In summary, our model is not an oversimplified pipeline that “Incorporating multi-hop encoded structural information alongside knowledge information”. It contains several unique technical designs (e.g., knowledge retriever and structure-based regularizations) to solve special challenges in protein encoding scenarios, making it different from previous methods.

[1]DKPLM: Decomposable Knowledge-Enhanced Pre-trained Language Model for Natural Language Understanding. 2022

[2]ERNIE 3.0: Large-scale knowledge enhanced pre-training for language understanding and generation. 2021

[3]Making Large Language Models Perform Better in Knowledge Graph Completion 2024

[4]Edgeformers: Graph-empowered transformers for representation learning on textual-edge networks 2023

[5]G-retriever: Retrieval-augmented generation for textual graph understanding and question answering 2024

[6]GRAG: Graph Retrieval-Augmented Generation 2024

[7]Exploiting structured knowledge in text via graph-guided representation learning 2020

[8]Knowledge-aware language model pretraining 2020

[9]KEPLER: A unified model for knowledge embedding and pre-trained language representation 2021

[10]Pre-training language models with deterministic factual knowledge 2022

[11]Unifying Large Language Models and Knowledge Graphs: A Roadmap 2024

W1. If the protein belongs to an under-studied or new protein family, does this retrieval method have certain limitations, especially when these proteins have very low sequence identity to known (trained) proteins? It would be better to include experiments on under-studied proteins to demonstrate, possibly by a simulated way that splitting clusters of low-identity proteins into training and validation sets.

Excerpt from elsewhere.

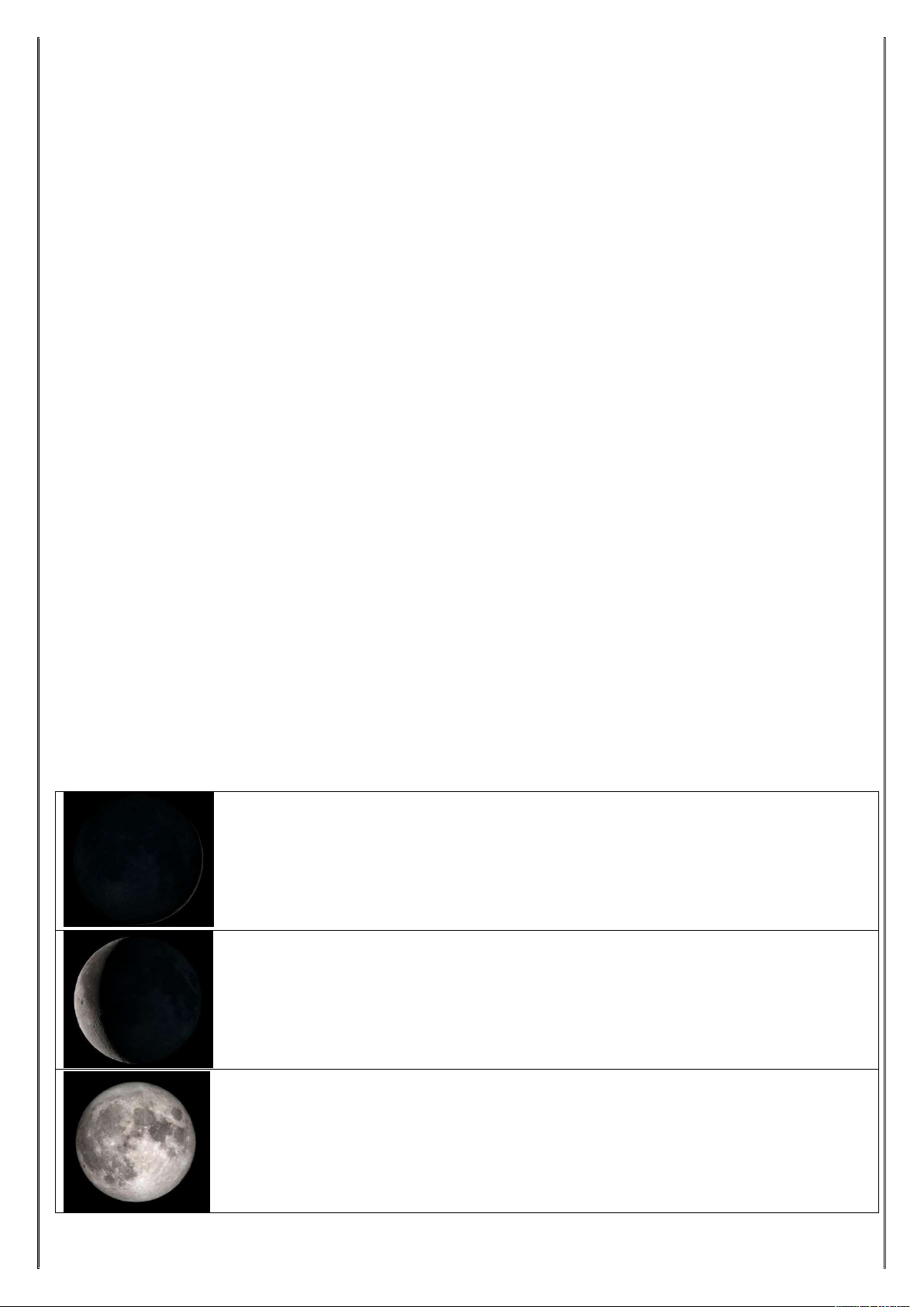 ESCOLA MUNICIPAL JOSÉ MARINHO FALCÃO DISCIPLINA : CIÊNCIAS ALUNO (A) ____________________________________________________________________________ PROFESSOR: LEILSON ARAÚJO ATIVIDADES PARTE 2 – MOVIMENTOS DA LUA Tema/ objeto de conhecimento: Terra e Universo: Sistema Sol, Terra e Lua. As fases da Lua: A Lua é o único satélite natural do planeta Terra, sendo formado há bilhões de anos atrás, cuja hipótese de origem mais aceita pelos cientista é que ocorreu após o impacto de um grande corpo celeste, do tamanho aproximado de Marte, atingir nosso jovem planeta, ejetando partículas que se juntaram e formaram nosso satélite, mas existem outras teorias que estão em debate. Do ponto de vista terrestre, a Lua é um astro brilhante nas noites em nosso planeta, mas a Lua não pode emitir luz, na verdade ela reflete a luz do Sol, a estrela que aquece e ilumina nosso planeta e sistema solar. A Lua apresenta movimentos de translação, rotação e revolução. A translação é o movimento que a Lua faz, junto com a Terra ao redor do Sol, levando o mesmo tempo que a terra para fazer o percurso. A rotação é o movimento que a Lua faz ao girar em torno do seu próprio eixo. E a revolução é o movimento que a Lua faz ao girar ao redor da Terra. Os movimentos de rotação e revolução tem exatamente o mesmo tempo, fazendo com que nós observemos apenas uma face da Lua. Esse período é de aproximadamente 28 dias, é chamado de mês lunar e o tempo que a Lua leva para completar a translação ao redor do Sol é o ano lunar. O movimento da Lua em torno da Terra, a revolução e o movimento conjunto da Lua e da Terra ao redor do Sol, a translação, fazem com que a Lua tenha mudanças de posição e reflexão da luz do Sol para o nosso planeta. Essas posições com incidências luminosas distintas são chamadas de fases da Lua. As fases da Lua são quatro: Nova, Crescente, Cheia e Minguante. Lua Nova: Nesta fase, não conseguimos observar a Lua pois ela está posicionada entre o Sol e a Terra e, por isso, não a vemos neste momento. Nesta fase, a Lua está no céu durante o dia, nascendo por volta das 6 horas e se pondo por volta das 18 horas. Lua Crescente: A Lua crescente ou quarto crescente recebe esta denominação pois neste momento só conseguimos observar um quarto de sua totalidade. Seu formato é de um semicírculo e, nesta fase, a Lua nasce aproximadamente ao meio-dia e se põe aproximadamente à meia-noite. Lua Cheia: Na fase da Lua cheia, a Terra está entre o Sol e a Lua e, portanto, conseguimos observar a totalidade do satélite iluminado integralmente pelo Sol. Nesta fase, a Lua nasce aproximadamente às 18 horas e se põe aproximadamente às 6 horas do dia seguinte. Lua Minguante: A Lua minguante ou quarto minguante é o último estágio das fases da Lua. Neste período, ela encontra-se no formato de um semicírculo e assim, novamente conseguimos observar um quarto de sua totalidade no sentido oposto da fase crescente. Nesta fase, a Lua nasce aproximadamente à meia-noite e se põe aproximadamente ao meio-dia. Eclipses: O movimento constante da Terra e da Lua em torno do Sol faz com que haja alinhamentos, onde a Lua pode obstruir a luz do Sol por alguns instantes, ou a Terra obstruir a luz do Sol de atingir a superfície da Lua, esses fenômenos são conhecidos como eclipses. O eclipse solar ocorre quando a Lua se interpõe entre o Sol e a Terra, projetando a sombra formada sobre a Terra. Nas regiões do planeta onde o Sol é observado sendo completamente obstruído pela Lua, ocorre o chamado eclipse solar total. Nos lugares onde o sol não fica completamente encoberto pela lua, ocorre o eclipse solar parcial, correspondendo às regiões de penumbra da Lua. ( Caso a órbita da Lua ao redor da Terra fosse alinhada com a órbita da Terra ao redor do Sol, sempre teríamos eclipse solar durante a fase da Lua Nova. ) O eclipse lunar ocorre quando a Lua entra na região da sombra da Terra, gerada por meio da luz do Sol, e a sombra da Terra cobre o disco lunar. ( Caso a órbita da Lua ao redor da Terra fosse alinhada com a órbita da Terra ao redor do Sol, sempre teríamos eclipse lunar durante a fase da Lua Cheia. ) ATIVIDADES 1. Qual o movimento que a Lua faz junto da Terra em torno do Sol? a) ( ) Revolução. b) ( ) Rotação c) ( ) Evolução. d) ( ) Translação. 2. Complete o texto com os termos que faltam para que este tenha sentido ( DENOMINAÇÃO - QUARTO – MEIO-DIA SEMICÍRCULO – CRESCENTE ) A Lua ou quarto crescente recebe esta pois neste momento só conseguimos observar um de sua totalidade. Seu formato é de um e, nesta fase, a Lua nasce aproximadamente ao e se põe aproximadamente à meia-noite. 3. Qual fase da Lua em que é possível observar totalmente a face lunar voltada para a Terra? a) ( ) Nova. b) ( ) Crescente. c) ( ) Cheia. d) ( ) Minguante. 4. Analise as afirmações a seguir e coloque V para as verdadeiras e F para as falsas. a) ( ) Caso a órbita da Lua ao redor da Terra fosse alinhada com a órbita da Terra ao redor do Sol, sempre teríamos eclipse solar durante a fase da Lua Nova. b) ( ) O formato da Lua minguante é de um semicírculo e, nesta fase, a Lua nasce aproximadamente ao meio- dia e se põe aproximadamente à meia-noite. c) ( ) Caso a órbita da Lua ao redor da Terra fosse alinhada com a órbita da Terra ao redor do Sol, sempre teríamos eclipse lunar durante a fase da Lua Cheia. d) ( ) A revolução é o movimento que a Lua faz ao girar ao redor do seu próprio eixo. 5. Elabore um mapa mental com as características das fases da Lua e os eclipses. 6. Complete o texto com os termos que faltam para que este tenha sentido. Do ponto de vista terrestre, a Lua é um astro brilhante nas noites em nosso planeta, sendo que a Lua emitir luz, ela a luz do Sol, a estrela que aquece e ilumina nosso planeta e sistema solar. A Lua apresenta movimentos de translação, rotação e . a) ( ) não pode; interfere; contorção. b) ( ) pode; deflete; vibra

Thank you for your thoughtful comment. To evaluate the generalization ability of the knowledge retriever on under-studied proteins, we employ a new data-splitting strategy. First, we randomly divide the triples (i.e., (protein, relation, go)) into training and testing sets in an 8:2 ratio. Next, we remove any triple (p_i, r_i, go_i) from the training set if go_i appears in any test triples. This ensures that the knowledge (e.g., gene descriptions) associated with test proteins is entirely absent from the training set, and thus unlearnable during training. This splitting method simulates under-studied proteins who have functions and gene descriptions not been observed before. The results, presented in the following table, demonstrate that our knowledge retriever can generalize to these proteins. Additionally, fine-tuning the last three layers of the PubMedBert encoder during training further improves its performance, highlighting its potential to generalize to unseen gene descriptions through domain-specific fine-tuning.

 

W2. Further, does the method have potential to uncover patterns of new proteins and their associations with existing?

Thank you for your thoughtful comment. Our knowledge retriever can predict potential knowledge triplet for new proteins (i.e., gets new protein p_u as input and outputs its potential knowledge (p_u, r_k, go_k), where r_k and go_k have existed in KG). This enables the new protein to be linked to the KG, therefore revealing potential functions for new proteins. Additionally, paths between the new protein and existing proteins can illustrate their relevance. For example, knowledge (p_u, r_k, go_k) and (p_j, r_j, go_k) can form a path (r_k, go_k, r_j), illustrating the roles of two proteins in a shared biological activity.